DIRECTIONS | What is needed is an exact reproduction of the lines in the records below, starting at the line with "終盤では、CDの伴奏(+歌)" and ending at the line with "Amelia Hamlin parece", both included, and nothing else; pictures stay out.

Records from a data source
++++++

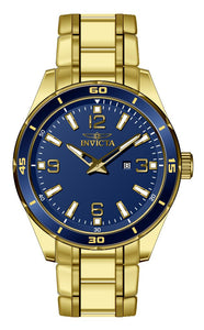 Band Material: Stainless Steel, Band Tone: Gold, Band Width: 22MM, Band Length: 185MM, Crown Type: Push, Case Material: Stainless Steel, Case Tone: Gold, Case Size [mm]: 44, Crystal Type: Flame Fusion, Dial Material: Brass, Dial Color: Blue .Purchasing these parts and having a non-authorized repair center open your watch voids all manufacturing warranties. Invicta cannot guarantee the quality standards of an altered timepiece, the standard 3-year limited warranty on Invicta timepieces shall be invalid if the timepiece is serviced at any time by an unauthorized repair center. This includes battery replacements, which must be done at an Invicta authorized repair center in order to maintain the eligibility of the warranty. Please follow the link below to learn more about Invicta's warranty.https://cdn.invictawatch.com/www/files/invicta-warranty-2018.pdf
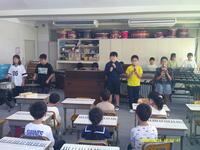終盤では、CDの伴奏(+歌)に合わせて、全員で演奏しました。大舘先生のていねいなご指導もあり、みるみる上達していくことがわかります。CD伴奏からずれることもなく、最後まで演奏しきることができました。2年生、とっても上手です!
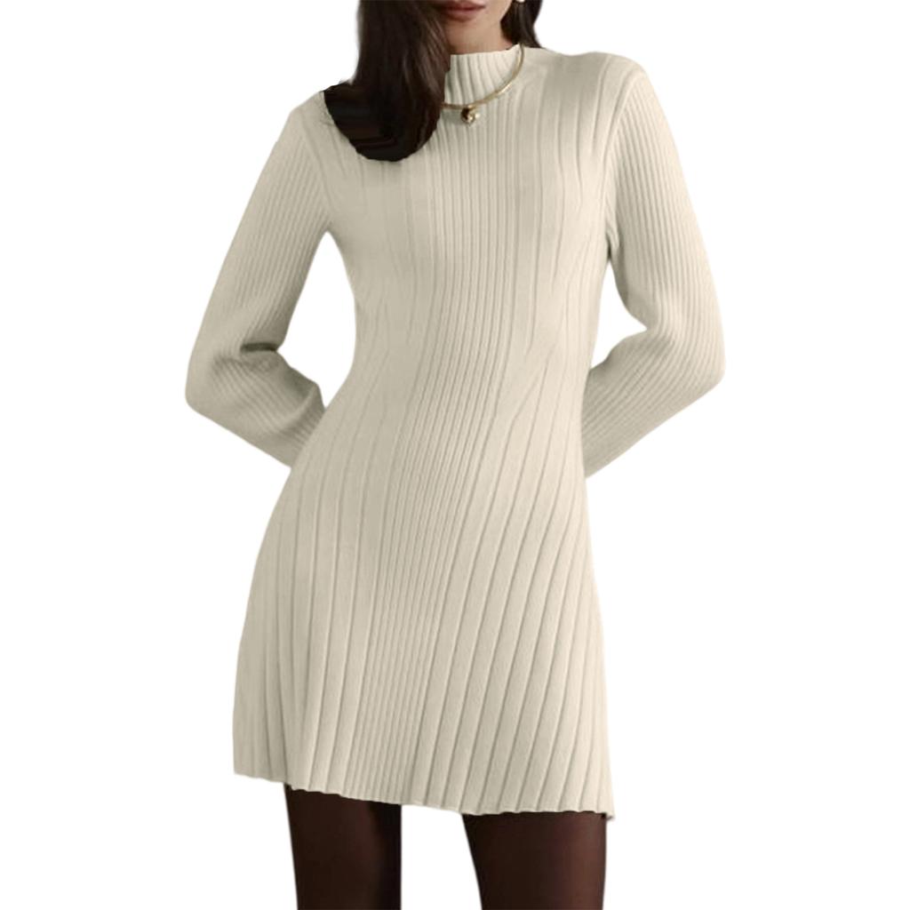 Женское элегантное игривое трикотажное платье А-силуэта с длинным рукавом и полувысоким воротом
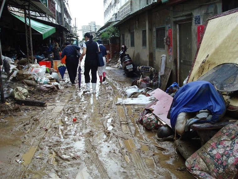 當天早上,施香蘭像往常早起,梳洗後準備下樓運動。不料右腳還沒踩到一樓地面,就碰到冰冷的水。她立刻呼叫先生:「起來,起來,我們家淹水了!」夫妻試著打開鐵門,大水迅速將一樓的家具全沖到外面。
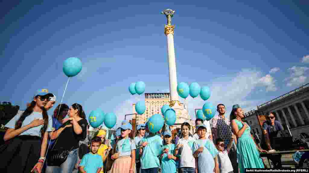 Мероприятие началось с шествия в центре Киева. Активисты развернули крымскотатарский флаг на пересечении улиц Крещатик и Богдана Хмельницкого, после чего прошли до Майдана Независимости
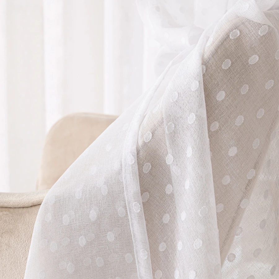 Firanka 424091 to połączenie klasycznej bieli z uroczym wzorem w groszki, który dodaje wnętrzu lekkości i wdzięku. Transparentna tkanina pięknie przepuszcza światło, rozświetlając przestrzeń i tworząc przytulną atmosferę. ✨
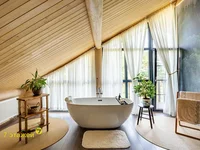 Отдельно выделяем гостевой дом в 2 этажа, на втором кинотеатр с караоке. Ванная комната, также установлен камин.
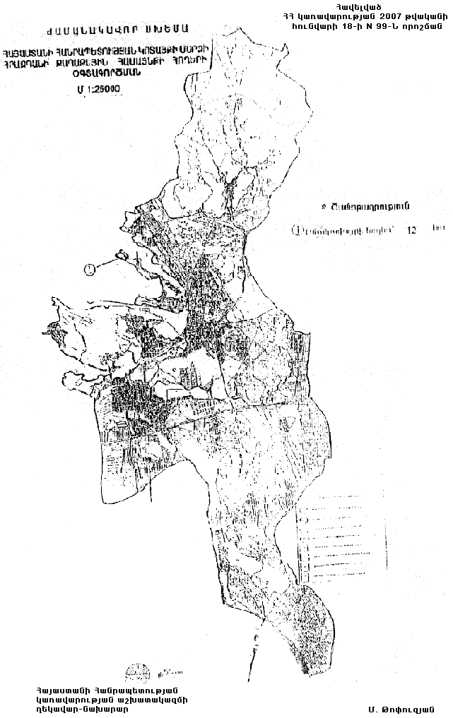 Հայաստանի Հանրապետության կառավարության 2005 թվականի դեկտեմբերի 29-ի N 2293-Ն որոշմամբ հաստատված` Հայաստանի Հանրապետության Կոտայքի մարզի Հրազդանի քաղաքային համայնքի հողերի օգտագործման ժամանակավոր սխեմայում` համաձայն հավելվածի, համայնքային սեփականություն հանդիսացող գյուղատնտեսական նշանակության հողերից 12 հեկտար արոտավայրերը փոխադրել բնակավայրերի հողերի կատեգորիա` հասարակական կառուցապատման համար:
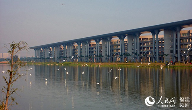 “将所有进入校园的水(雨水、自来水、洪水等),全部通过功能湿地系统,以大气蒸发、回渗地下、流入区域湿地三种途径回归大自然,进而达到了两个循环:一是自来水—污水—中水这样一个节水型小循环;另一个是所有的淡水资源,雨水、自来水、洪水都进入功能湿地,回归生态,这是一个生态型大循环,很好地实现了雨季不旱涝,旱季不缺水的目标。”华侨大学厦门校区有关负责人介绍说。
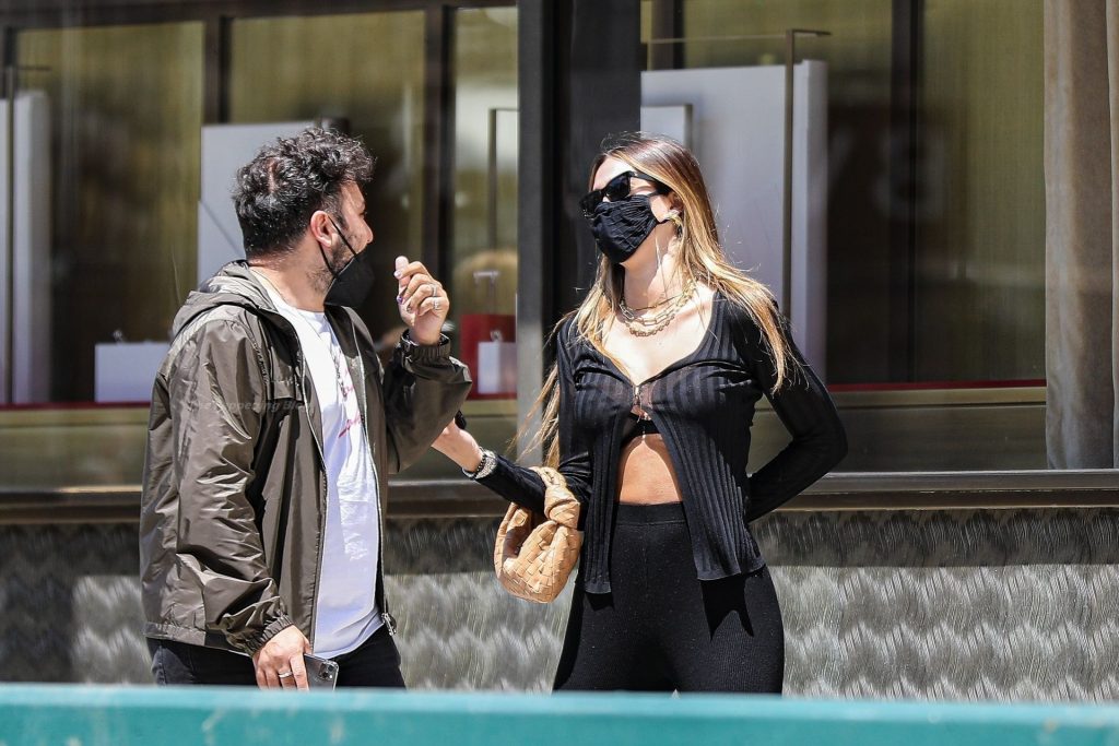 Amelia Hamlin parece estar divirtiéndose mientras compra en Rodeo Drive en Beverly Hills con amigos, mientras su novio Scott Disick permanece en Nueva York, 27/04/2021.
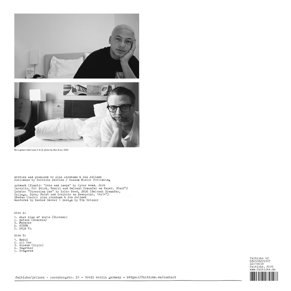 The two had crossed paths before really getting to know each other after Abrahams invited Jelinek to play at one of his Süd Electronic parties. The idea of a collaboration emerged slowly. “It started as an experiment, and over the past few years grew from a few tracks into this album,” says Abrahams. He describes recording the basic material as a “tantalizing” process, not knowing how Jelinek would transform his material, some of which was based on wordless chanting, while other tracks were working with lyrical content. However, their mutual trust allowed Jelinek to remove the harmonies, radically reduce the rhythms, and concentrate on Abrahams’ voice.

++++++

EXERCISE SOLUTION |
終盤では、CDの伴奏(+歌)に合わせて、全員で演奏しました。大舘先生のていねいなご指導もあり、みるみる上達していくことがわかります。CD伴奏からずれることもなく、最後まで演奏しきることができました。2年生、とっても上手です!
 Женское элегантное игривое трикотажное платье А-силуэта с длинным рукавом и полувысоким воротом
 當天早上,施香蘭像往常早起,梳洗後準備下樓運動。不料右腳還沒踩到一樓地面,就碰到冰冷的水。她立刻呼叫先生:「起來,起來,我們家淹水了!」夫妻試著打開鐵門,大水迅速將一樓的家具全沖到外面。
 Мероприятие началось с шествия в центре Киева. Активисты развернули крымскотатарский флаг на пересечении улиц Крещатик и Богдана Хмельницкого, после чего прошли до Майдана Независимости
 Firanka 424091 to połączenie klasycznej bieli z uroczym wzorem w groszki, który dodaje wnętrzu lekkości i wdzięku. Transparentna tkanina pięknie przepuszcza światło, rozświetlając przestrzeń i tworząc przytulną atmosferę. ✨
 Отдельно выделяем гостевой дом в 2 этажа, на втором кинотеатр с караоке. Ванная комната, также установлен камин.
 Հայաստանի Հանրապետության կառավարության 2005 թվականի դեկտեմբերի 29-ի N 2293-Ն որոշմամբ հաստատված` Հայաստանի Հանրապետության Կոտայքի մարզի Հրազդանի քաղաքային համայնքի հողերի օգտագործման ժամանակավոր սխեմայում` համաձայն հավելվածի, համայնքային սեփականություն հանդիսացող գյուղատնտեսական նշանակության հողերից 12 հեկտար արոտավայրերը փոխադրել բնակավայրերի հողերի կատեգորիա` հասարակական կառուցապատման համար:
 “将所有进入校园的水(雨水、自来水、洪水等),全部通过功能湿地系统,以大气蒸发、回渗地下、流入区域湿地三种途径回归大自然,进而达到了两个循环:一是自来水—污水—中水这样一个节水型小循环;另一个是所有的淡水资源,雨水、自来水、洪水都进入功能湿地,回归生态,这是一个生态型大循环,很好地实现了雨季不旱涝,旱季不缺水的目标。”华侨大学厦门校区有关负责人介绍说。
 Amelia Hamlin parece estar divirtiéndose mientras compra en Rodeo Drive en Beverly Hills con amigos, mientras su novio Scott Disick permanece en Nueva York, 27/04/2021.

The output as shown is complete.